Megawati's Indonesian Democratic Party of Struggle (PDIP) won the 1999 general elections and holds the largest number of seats in parliament.
Wahid's party, by comparison, holds only a handful of seats in the 500-seat house that is now bent on ousting him.
Also waiting in the wings is Suharto's old political party, the Golkar, which polled second in the 1999 elections and which Wahid supporters say has been getting up to its old tricks to frustrate the president.
Wahid's bitter relations with parliament have scuttled many of his reform efforts.
"The people's lives are worsening, the market and donor institutions have lost confidence, the rupiah is losing its value, unemployment is increasing and prices going up," said Golkar MP Evita Asmalda.
Wahid's lauded efforts to cut the old tycoons and Suharto's rapacious children down to size, bring them to court and stem the endemic corruption that still drains government coffers, swiftly unraveled.

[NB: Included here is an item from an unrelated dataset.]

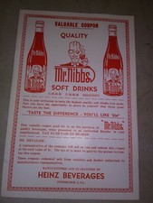 RARE 1940's Heinz Mr. Nibbs 6x9 advertising Coupon soda pop not coca cola

Rumors spread of corruption in the presidential palace, fuelled by a national press stung by incidents of intimidation, and parliament seized on Wahid's possible involvement in two financial scandals as a basis to censure him.
His efforts to talk to separatist rebels in the provinces of Aceh and Irian Jaya came to nothing. The military have now returned to Aceh and a crackdown is underway in Irian.
The military, which has since Suharto's fall been pushed out of politics, has been able to regain unity under the relentless attacks it had endured.
For the first time, the military has stood up to the president, warning him against declaring a state of emergency that would enable him to dissolve the parliament.